Part 2: Be not afraid of greatness. ✨ Navigating a Performance Calibration.
I’m baaaaack, and in record time. I’ve never written two back-to-back blogs so quickly. ⚡️
In the first part of this series, we discussed the importance and complexity of connecting performance and compensation. I talked you through how to create a tool of some sort to measure performance and provided an overview of how we developed our performance snapshot at Whereby.
Now, it’s time to dive into the second part of this three-parter: Calibration. This step is crucial to ensure fairness and consistency in performance assessment across the organization, and ultimately, in determining compensation. Without this, there is a real risk of allowing bias, misinformation, and poor management to not only hurt your understanding of performance, but begin to creep into compensation.
Many folks are rightfully skeptical of the connection between performance and compensation because they themselves have suffered at the hands of a poor calibration process, or a poorly implemented pay-for-performance scheme. You likely know what this looks like: a manager says “doing well” but gives reasons like, “the whole team likes them, and they go above and beyond.” What on earth does that mean? Nothing, that’s what.
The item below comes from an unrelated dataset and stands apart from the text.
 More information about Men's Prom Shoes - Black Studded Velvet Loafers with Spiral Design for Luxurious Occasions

Alternatively, you may have been a manager yourself watching other teams contribute less to their team’s performance, or be easier on their team’s expectations, and felt you had to respond by loosening your understanding of performance in a way that felt uncomfortable. Well, a well designed and executed calibration process should remedy those concerns too.
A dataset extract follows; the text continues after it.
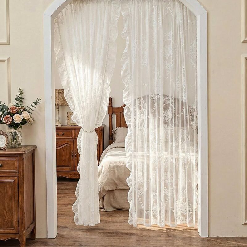 Rideaux en dentelle florale de style européen de ferme d'une seule pièce, rideaux en gaze de balcon de baie vitrée de chambre à coucher, 140x260cm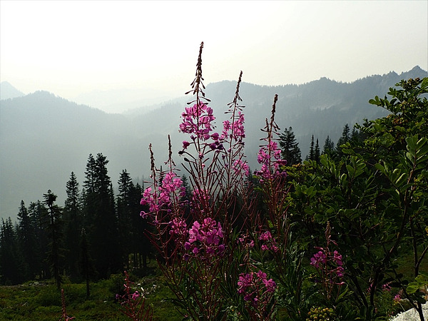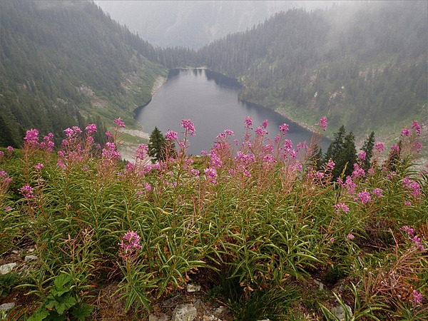 Descending the other side of the ridge, the trail continued through open brushy hillsides. Bright pops of hot pink fireweed beckoned us onward. We stopped for lunch and a well deserved break at Lake Susan Jane. A number of northbound hikers passing by stopped to chat.

It is important to note that calibration is not a pay change discussion, and feedback gathered is not a calibration. These three things (pay, feedback, and calibration) are all a part of the overall performance infrastucture, and they are deeply connected, but you should not be discussing pay in calibration or feedback discussions. I will talk a bit more about how to keep these separate in Part 3.
What is a calibration?
Many companies do it differently once they’re in the room, but the general premise is almost always the same: The objective of this meeting is to establish a common understanding of what great (and not great) performance looks like across various jobs and levels in your team.
In a performance calibration, success means improved clarity on performance expectations that can be applied to setting ratings and goals, managing performance, hiring new talent, and aligning talent with opportunities.
In practice that means a group of managers (often functionally close but not necessarily perfectly aligned) sit together for a few hours to discuss their team’s performance as it relates to the performance tool you’d have created in Part 1 (let’s call it the ‘Snapshot’ for ease).
I suggest these meetings happen at least twice a year, ideally four. I like to align them with the ceremonies around goal-setting and planning on a Term (bi-yearly), Third, or Quarterly cycle.
Depending on the size and scale of management in your company, you may have one, two, or even more levels of calibration. Managers, Directors and VPs (Managers of Managers), and Execs. The way I generally like to set it up is in slightly cross-functional groups such as this:
- Product & Engineering
- Marketing, BI, & Growth
- Finance, People & Operations
- Customer Success, Support, & Sales
The ideal size of a calibration is from 5–8 managers in my experience, and each level should calibrate their own direct reports, and the level above should calibrate their direct reports and “spot check” the evidence of a random selection of individuals within their sub-team, as well as looking at the overall results and trends of their functions.
If you haven’t been involved in a calibration before, the above paragraph may feel pretty cerebral, so let me be explicit about a suggestion on how to structure calibration meetings for a business of around 100–150 people, with a maximum of 5 layers of hierarchy.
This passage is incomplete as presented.